Thursday, July 4, 2013

The CCR5 Receptor and HIV/AIDS

The recently reported news that an AIDS patient has been successfully cured of his disease is a very exciting development in regards to global public health.  The methodology used to affect this outcome is directly related to the manner in which the human immunodeficiency virus (HIV) gains entry into its host cell.  HIV enters and ultimately kills the so-called,” T-Helper” cell that plays a critical role in adaptive human immunity.  Once a significant portion of these cells are destroyed, the patient displays the classic symptoms of AIDS – the inability to successfully fight off infections by invading micro-organisms.

In order to successfully invade its target cell, HIV must bind to specific proteins found on the surface of T-Helper cells.  One of these cell surface proteins is referred to CCR5 (CD195) – a member of the chemokine receptor family – and the protein product of the CCR-5 gene.  Chemokines are factors that are used to attract T cells to particular tissue or organ targets when battling infection.  If this protein is absent or the product of a mutated gene, HIV will fail to bind and therefore be unable to infect the target cell.  It is important to remember that viruses have an absolute requirement for access into a living cell in order to produce an infection; for, they need to exploit the intracellular processes of a living cell in order to make copies of themselves.  The molecular biology of HIV has been studied extensively and, as a consequence, this mechanism of action is well understood.

In addition, there is a percentage of the human population that is innately resistant to HIV infection even upon exposure to the virus.  This apparent insensitivity to HIV infection is readily explained by the fact that these individuals possess defective variants of the CCR-5 gene.
Thanks to the ingenuity and inventiveness of Drs.

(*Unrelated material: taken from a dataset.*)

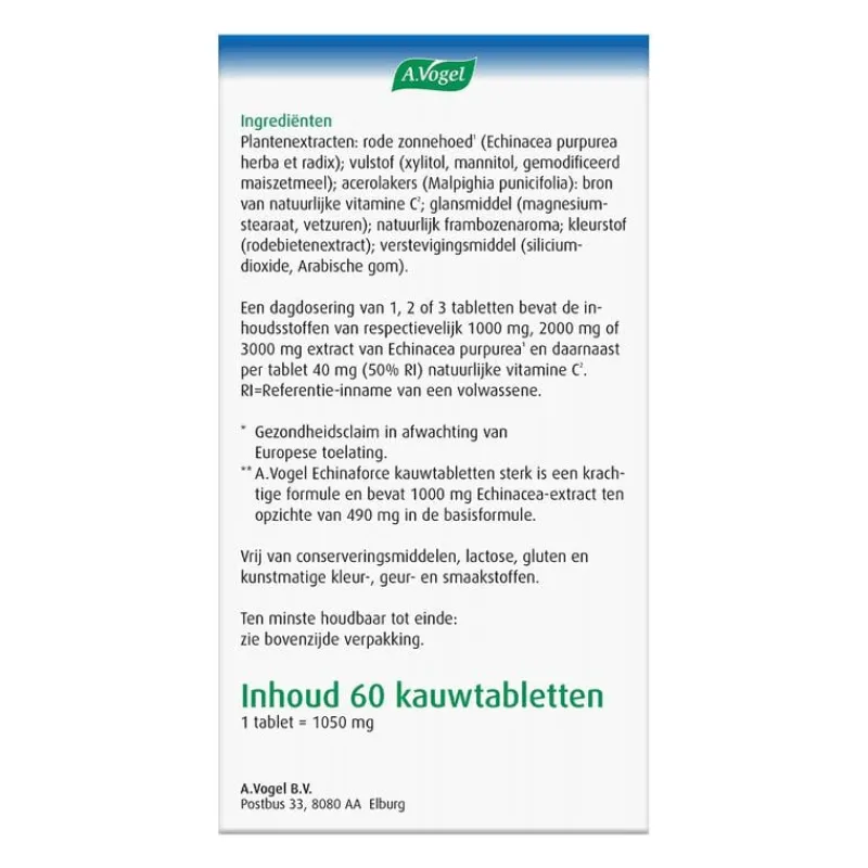 **Echinaforce kauwtabletten sterk zijn gebaseerd op 1000 mg Echinacea-extract t.o.v. 490 mg in de basisformule.

Gero Hutter, Eckard Thiel and colleagues from the Charite Hospital in Berlin Germany, an approach to a potential cure of AIDS was recognized that involves the widely used procedure of bone marrow transplantation – the first successful human bone marrow transplantation was accomplished in 1975 in Seattle pioneered by Dr. Donnall Thomas who won a Nobel Prize in Medicine for his efforts.
In this particular case, the patient presented with acute myelogenous leukemia (AML) as well as AIDS.  The protocol that was developed involved the destruction of the AIDS patient’s immune system followed by recovery using bone marrow from a suitable donor who was also immune to HIV infection on account of a defect in the CCR-5 gene as described above.  As a result of this approach, the patient became asymptomatic and free of HIV.  This is possible because all the immuno-competent cells in the human immune system repertoire are derived from progenitors found in the bone marrow and once the patient’s own immune cells were successfully replaced by the donor’s, then he became HIV resistant.

Since bone marrow transplantation has inherent risks, it is not the recommended approach for AIDS patients; unless, they also suffer from leukemia.  However, there is considerable hope in developing methodologies to use gene modification techniques to modify an AIDS patient’s own immune cells so that they would exhibit the CCR-5 gene variant and render them HIV resistant.